The task: Write out exactly the lines from the one with "야외 접이식 의자 휴대용" through the last line of the data below, but not the pictures.

Supplied data:
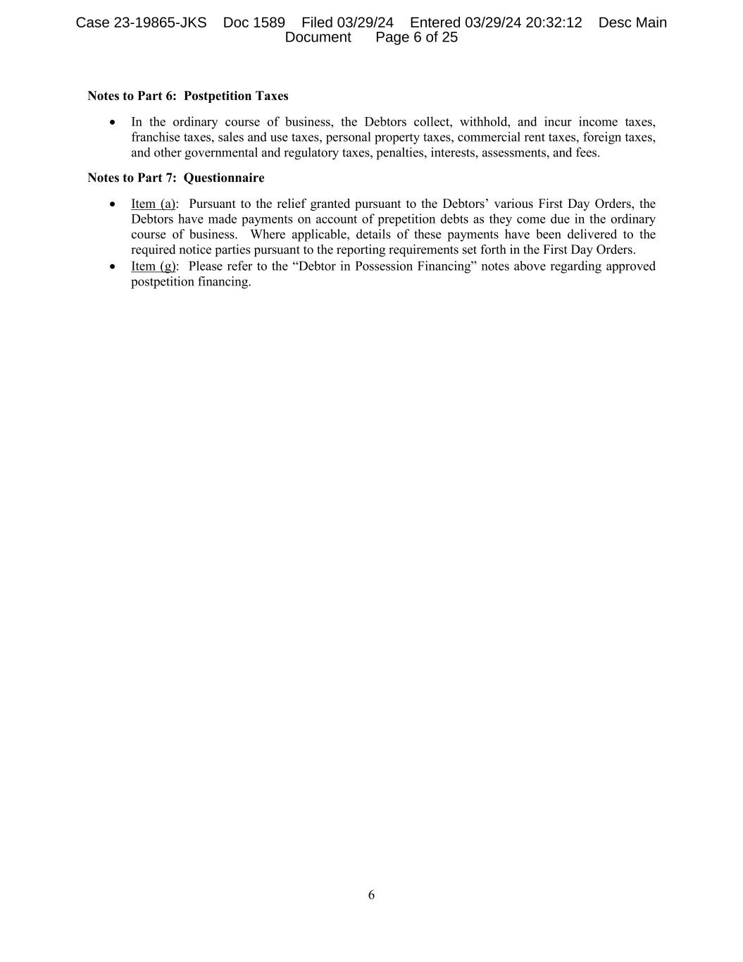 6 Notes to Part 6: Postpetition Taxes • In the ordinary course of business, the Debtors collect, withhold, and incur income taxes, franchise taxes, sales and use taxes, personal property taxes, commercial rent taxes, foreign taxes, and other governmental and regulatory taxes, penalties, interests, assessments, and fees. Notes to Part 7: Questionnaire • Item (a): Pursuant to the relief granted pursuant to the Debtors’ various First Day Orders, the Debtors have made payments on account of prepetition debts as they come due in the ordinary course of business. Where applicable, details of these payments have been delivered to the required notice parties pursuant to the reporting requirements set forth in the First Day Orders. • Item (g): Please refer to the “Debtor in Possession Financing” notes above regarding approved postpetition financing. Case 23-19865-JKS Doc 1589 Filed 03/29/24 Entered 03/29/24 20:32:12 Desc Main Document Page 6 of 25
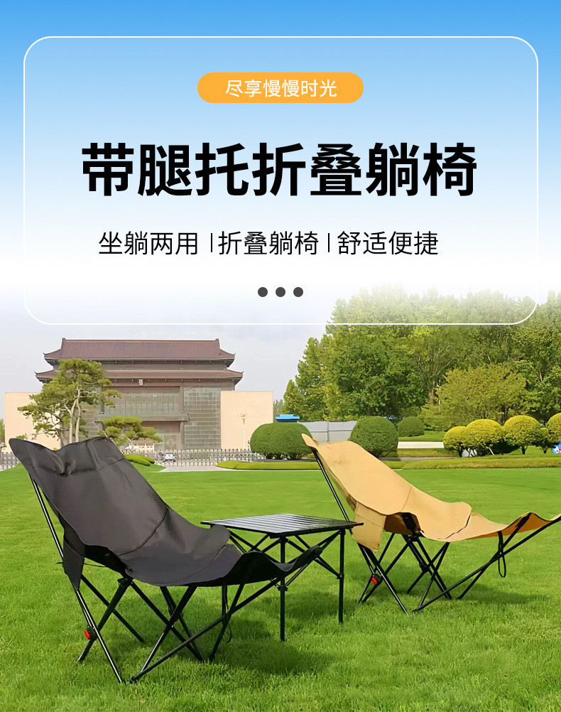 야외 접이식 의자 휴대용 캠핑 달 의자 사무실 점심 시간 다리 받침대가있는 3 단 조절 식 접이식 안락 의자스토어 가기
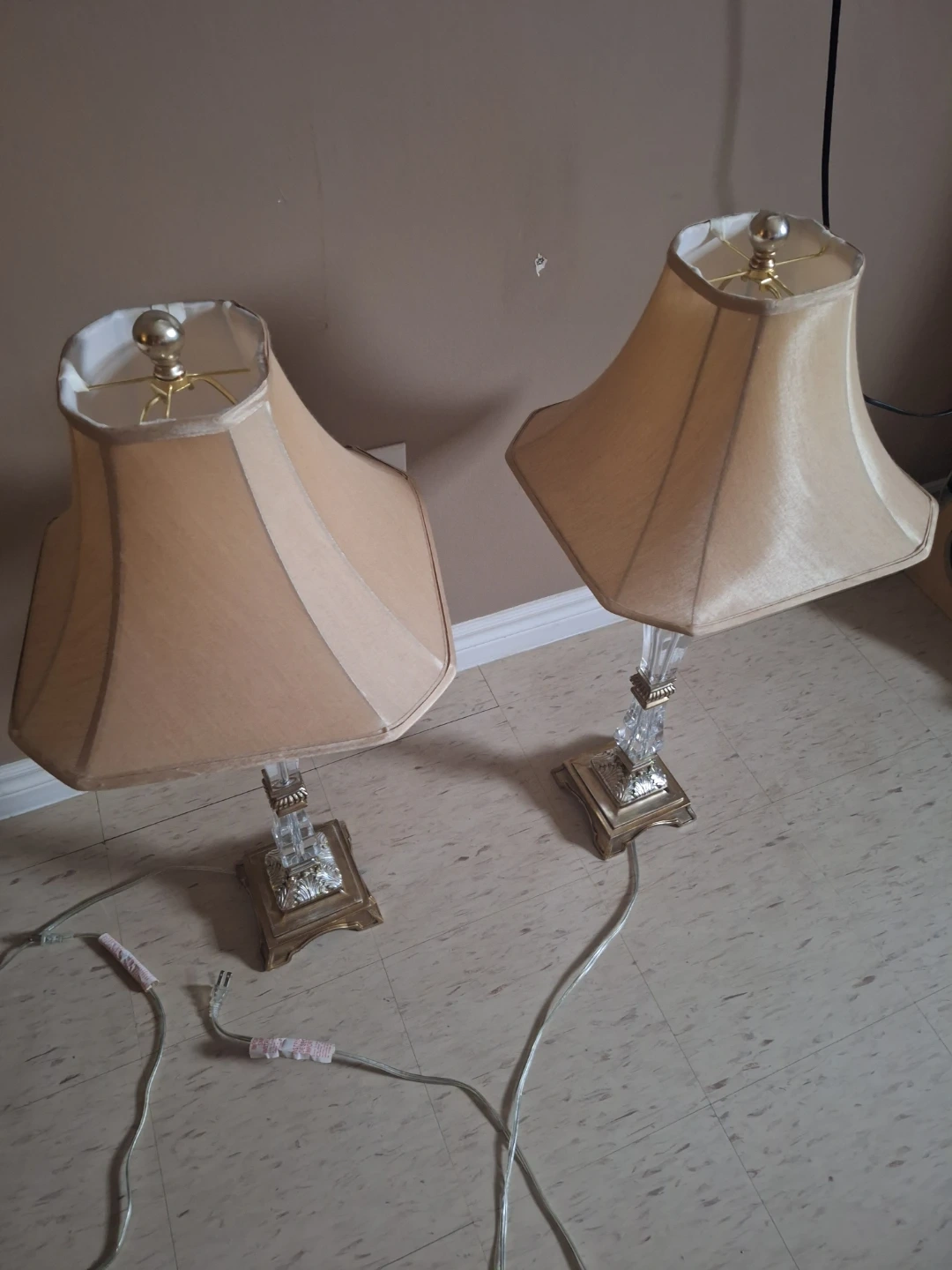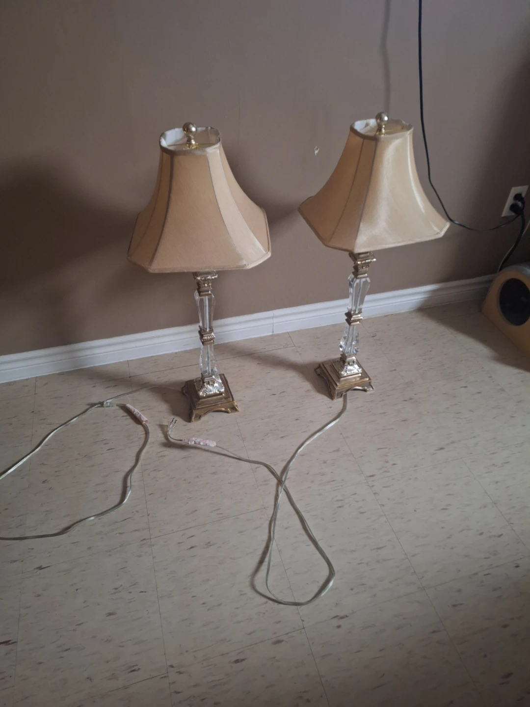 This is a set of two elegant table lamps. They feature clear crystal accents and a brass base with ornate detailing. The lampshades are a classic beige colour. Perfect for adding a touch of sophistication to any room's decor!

Written reply:
 야외 접이식 의자 휴대용 캠핑 달 의자 사무실 점심 시간 다리 받침대가있는 3 단 조절 식 접이식 안락 의자스토어 가기
 This is a set of two elegant table lamps. They feature clear crystal accents and a brass base with ornate detailing. The lampshades are a classic beige colour. Perfect for adding a touch of sophistication to any room's decor!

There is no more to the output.